Depuis déjà quelque temps Nathalie Vranken, propriétaire avec son mari Paul-François du groupe éponyme, m’avait proposé de venir déjeuner au siège du champagne Pommery. L’occasion se présente et je suis accueilli par Stanislas Thierry directeur du développement et par Thierry Gasco chef de cave et œnologue de la maison Pommery.

Nous visitons un ensemble immobilier assez surréaliste aux architectures audacieuses. Les structures métalliques en poutres rivetées et les briques donnent une image très industrielle à des halls intelligemment conservés et adaptés aux nécessités de processus modernes. La plus grande cuve de maturation en inox peut contenir l’équivalent de cinq cent mille bouteilles. C’est assez impressionnant. L’est encore plus la visite des caves aux galeries de près de deux kilomètres, qui, d’une façon très originale et très réussie, abritent une exposition d’art moderne monumental. Il faut dire qu’avec des salles de trente-cinq mètres de haut, les artistes peuvent voir grand. Buren a personnalisé de façon durable une galerie. C’est bien vu.

Dans l’espace de réception de la maison Pommery, l’art est aussi à l’honneur dans des salles marquées par le style des années trente où le bois aux belles envolées domine.
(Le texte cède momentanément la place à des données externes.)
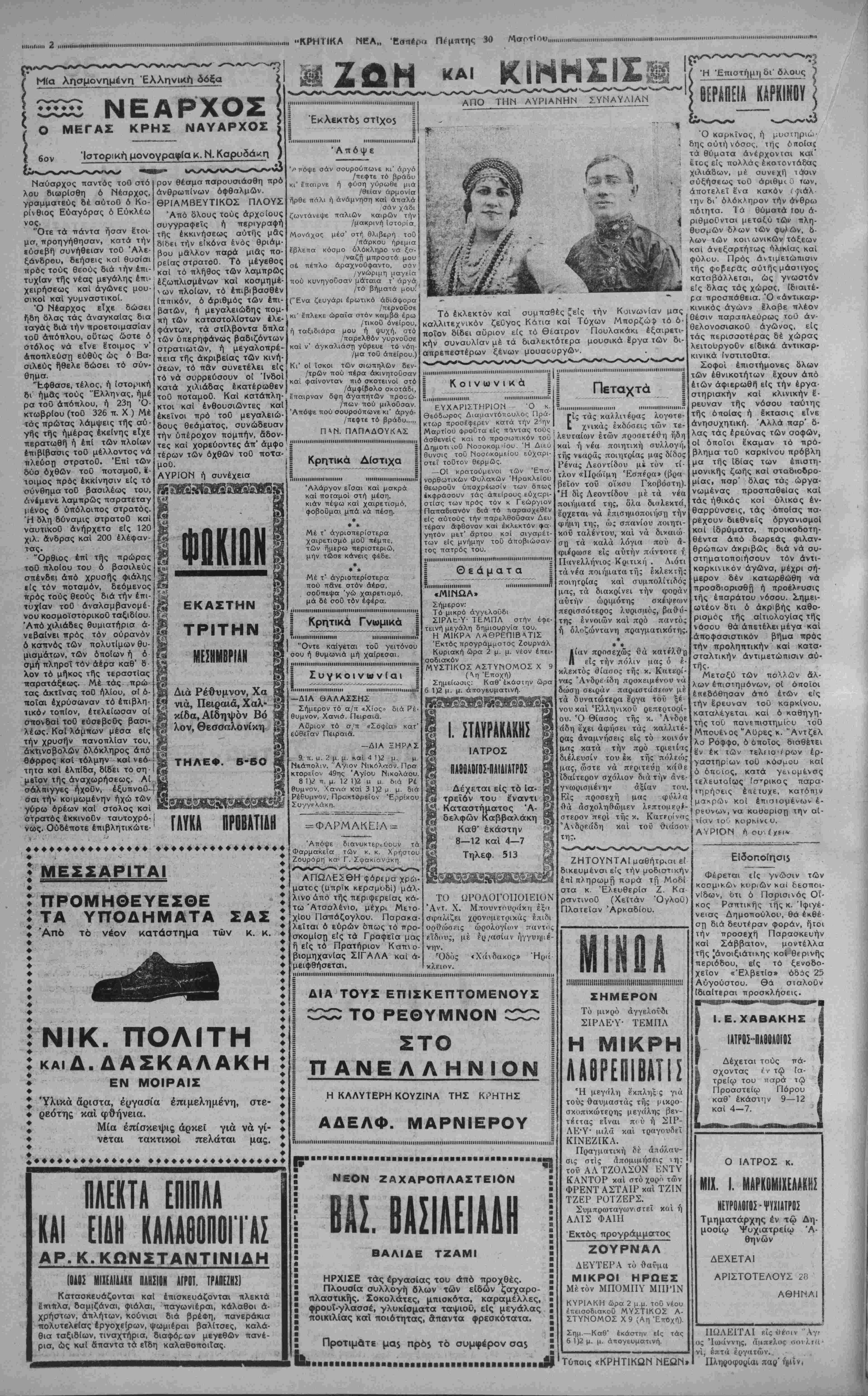 """""""""""""""".....ηΗΙ">υιι<ιιιιηιπ'ιιιιιιιιιηιιι""··ηη>"·Η·ι»···Η··ι··»·ιιι·ΗΐιιιιιιιιιιιιηιιιιιιηιιιιιιΐΜΐιιιιι·ιηιΙιιηιιιιηιι·ιιιιιι..υιιΐΜΐι·<ιιι^^ Όέπανελθών εξ 'Α- Όηνών Δήμαρχος της πόλεως μας κ. Μηνάς Γεωργιάδης, εις ανακοι¬ νώσεις του προς συνα¬ δέλφους επί των απο¬ τελεσμάτων τοϋ ταξιδι¬ ού του εις Αθήνας, εδοσε μίαν πλήρη και ζωηράν εΙκόνα του πάν¬ τοτε στοργικού και θερ¬ μού Κυβερνητικού εν¬ διαφέροντος, δια τα προ¬ βλήματα τοΰ Τόπου μας. "Ως άνεκοίνωσε ό κ. Γεωργιάδης, το πρό¬ βλημα των νέων Σχο¬ λείων δύναται να θεω- ρηθή ήδη λήξαν, κα¬ ταρτισθείσης επιτροπής έκ τοΰ κ. Νομάρχου, τοΰ άρχιτέκτονος τοΰ Υπουργείου Παιδείας και τοΰ Επιθεωρητού Μέσης Εκπαιδεύσεως Κρήτης, ήτις εντός τοΰ μηνός Απριλίου θα ύ- ποβάλχι σχετικόν σχέ- διον είς το Ύπουργείον. Επίσης απεφασίσθη ή σύστασις Ταμείου Σχε δίου πόλεως, το όποιον θα διευκολύνχ) την τα χυτέραν έφαρμογήν τοϋ οριστικού ρυμοτομικού σχεδίου. Τέλος δε επετεύχθη ή Κυβερνητική ένίσχυ σις δια την άνέγερσιν της «Στέγης Γραμμάτων και Τεχνών», τοϋ Δη¬ μοτικού Θεάτρου, την άποπεράτωσιν τοϋ Γυ μναστηρίου και την έκτε· λεσιν πλείστων άλλων έργων συγχρονισμού Η&Ι καλλωπισμού τής πόλεως. Όλα τ' ανωτέρω έ¬ χουν προφανή σχέσιν μέ την πο,όοδον τής πόλεως μας. Ή Κρατι¬ κή λοιπόν συνδρομή προς έπίτευξιν των εί¬ ναι μία ανεκτίμητος είς άξίαν έκδήλωσις στορ¬ γής τοϋ Νέου Κράτους μας προς το Ήράκλειον, τήν οποίαν, όπως και ας προηγουμένας, ύ- ποσχόμεθα να μήν λη- σμονήσωμεν. Το Ήρά· κλειον οφείλει ήδη πολ¬ λά είς το Έθνικόν Κρά¬ τος. Ή άποπεράτωσις τής διαρρυθμίσεως των Στρατώνων, ή λειτουρ¬ γία τού Αεροδρομίου Ρούσσων, ό Ασύρματος και πλείστα δσα αλλά είναι έργα του. Το νέον ενδιαφέρον του δια το Ήράκλ,ειον είναι ή ακλόνητος έπιβεβαίω- σις δτι εύχεται είλικρι- νώς και έπιθυμβΐ τήν άνύψωσιν τής πόλεως αυτής και συμβάλλει εις τήν σχετικήν προ- σπάθειαν δσον είναι δυ¬ νατόν. Πρέπει όμως να έ- ξάρωμεν και το ενδια¬ φέρον και τήν δραστη¬ ριότητα και τού κ. Γεωργιάδου, ό οποίος επί μίαν ήδη πενταε- τίαν παραμένει ό εμψυ¬ χωτής και ό πρωτερ¬ γάτης κάθε κινήσεως εκπολιτισμού, συγχρονι σμοΰ, άνυψώσεως, ανα¬ δείξεως τοϋ Ηρακλείου. Οί συνδημόται μας δεν θα έχουν ασφαλώς με¬ τανοήσει διότι ανέθεσαν εις χείρας τόσον ίσχυ- ράς τάς υποθέσεις τής πόλεως εις τήν κρισι- μωτέραν και ζωτικω- τέραν ακριβώς περίοδον δια το μέλλον της. ΕΚΕΨΕΙΕ ΚΑΙ ΚΡΙΣΕΙΣ Λαμηρόν παράδειγμα Τό Έφεδρικόν Ταμεΐον ΛασηβΙου, έφσρμόζον τόν νέον Νόμον περί «Εφεδρι¬ κών ΤσιιεΙων τής νήσου», ιϊαρέχει ε'να λαμπρόν παρά- ββιγμα εκτελέσεως τών έναν¬ τι τής Εφεδρικής Τάξεως τής περιφερείας του ύποχρε ώσεών του. Ανέγραψε είς τόν προϋπολογισμόν του νέου οίκονομικοό έτους κον- βύλιον έκ 350,000 δρχ. προς ένίσχυσιν τών οικογενειών εφέδρων Παλαιών Πολεμι¬ στών. Τό φωτεινόν αυτό ττα ράδειγμα τοΟ Εφεδρικού Ταμείου Λασηθίου έλπιζομεν οτι θά τό ακολουθήσουν και τά αλλά Εφεδρικά Ταμεία τής μεγαλονήσου, έφ' δσον είναι εκτός πάσης άμφισβη τήσεως δτι ή κυριωτέρα άπο- οτολή των εΐνσι ή δσκησις τής Κοινωνικής Προνοίας 6ιά τάς απόρους οικογε¬ νείας τών Παλαιών Πολε¬ μιστών. ♦ ♦♦ ΑΙ ΈργατικαΙ έκδρ ο μ αϊ Είναι λαμπρά ή ιδέα όπως καθιερωθοΟν αϊ έργατικαί έκδρομαί καΐ έν "Ελλάδι. Διό¬ τι ό εσωτερικός τουρισμός ευρίσκεται είς νηπιώδη κα- τάστασιν είς τήν Χώραν μας καΐ ό εργάτης πού αίσθάνε ται τήν ανάγκην ενός μικροΟ ταξιδιού αναψυχής δέν δύ νπχσι νά ϊ"[ΐ πραγματοποι- ϋυμένήν τήν ' έπι

C’est idéal pour accueillir des tableaux résolument modernes.

Comme il fait soif après la promenade, nous allons au bar du cercle où nous est servi à température idéale le Champagne Pommery Cuvée Louise 1999. La démonstration est convaincante car ce beau champagne gourmand a plus de longueur et de consistance que ce que j’imaginais. Il est sans histoire, champagne de soif que l’on boit avec envie. Des propos échangés en cave, il paraissait probable que Nathalie Vranken ne participerait pas au déjeuner et ne nous rencontrerait qu’à l’apéritif. Quant à Paul-François Vranken, la chance de le voir à nos côtés était encore plus faible.

Lorsque le magnum de Champagne Pommery Cuvée Louise 1989 est débouché, la plus belle bulle qui éclot est Nathalie, souriante et pimpante, qui nous rejoint. J’essaie de faire comprendre qu’il faudrait absolument boire le Pommery 1874 emblématique de la maison avant qu’il ne meure, mais si je suis têtu, j’ai trouvé mon maître, car Nathalie considère cette bouteille comme la clef de voûte de sa maison.
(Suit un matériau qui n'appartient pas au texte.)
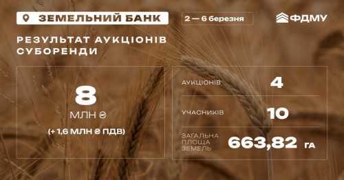 8 млн грн – результати торгів «Земельного банку» минулого тижня

Paul-François nous rejoint et j’aime son enthousiasme pour le 1989 qu’il apprécie de façon gourmande. C’est qu’il est particulièrement bon et je suis impressionné par la façon dont il claque en milieu de bouche. Il y a un coup de fouet gustatif du plus bel effet. C’est je crois le 1989 de Louise le meilleur que j’aie bu, ce qui montre l’effet bénéfique du stockage au domaine.

J’ai dans ma musette une munition pour le cas où. Quand je sens que Nathalie et Paul François pourraient rester déjeuner avec nous, je sors mon arme secrète, et bien sûr ce n’est pas cela qui a emporté la décision, mais cela a un peu aidé.
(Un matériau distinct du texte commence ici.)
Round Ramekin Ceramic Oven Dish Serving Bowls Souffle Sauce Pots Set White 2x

Nous passons dans la jolie salle à manger avec nos verres du 1989 qui devient de plus en plus brillant. C’est un beau champagne doré, aux évocations de fruits jaunes et de pâtisserie.

Le menu du cercle qui a changé en cours de route en fonction des vins ouverts est : Saint-Jacques et gambas, jus acidulé à la mandarine et à la pistache / joue de bœuf, fondue de raisins blonds, foie gras aux truffes / comté et tomme de Savoie / gâteau de riz de Liège.

Le Champagne Pommery Cuvée Louise magnum 1989 continue de montrer à table sa flexibilité gastronomique, trouvant un bel écho avec les gambas.

Le Champagne Diamant magnum 1985 se présente dans une belle bouteille biseautée évoquant les facettes du diamant. Il n’y a pas d’étiquette ce qui permet d’admirer le ciselé du flacon. Le vin est merveilleux. Sa couleur est blanche à côté du jaune très doré du 1989. Ce contraste est spectaculaire. Le champagne est merveilleux, montrant une noblesse remarquable. L’aisance du champagne est très nette. On pense aux vins de Guigal qui ont cette aisance qui est compatible avec une grande complexité. La joue de bœuf met en valeur l’aptitude du 1985 à briller à table.

Mon arme secrète est le Château Chalon Jean Bourdy 1934 qui est d’une année souvent considérée comme la meilleure du 20ème siècle. Et j’aime jeter un pont entre les vins jaunes anciens et les grands champagnes. Le lien se crée, mais c’est surtout avec le champagne suivant qu’une résonance va se créer.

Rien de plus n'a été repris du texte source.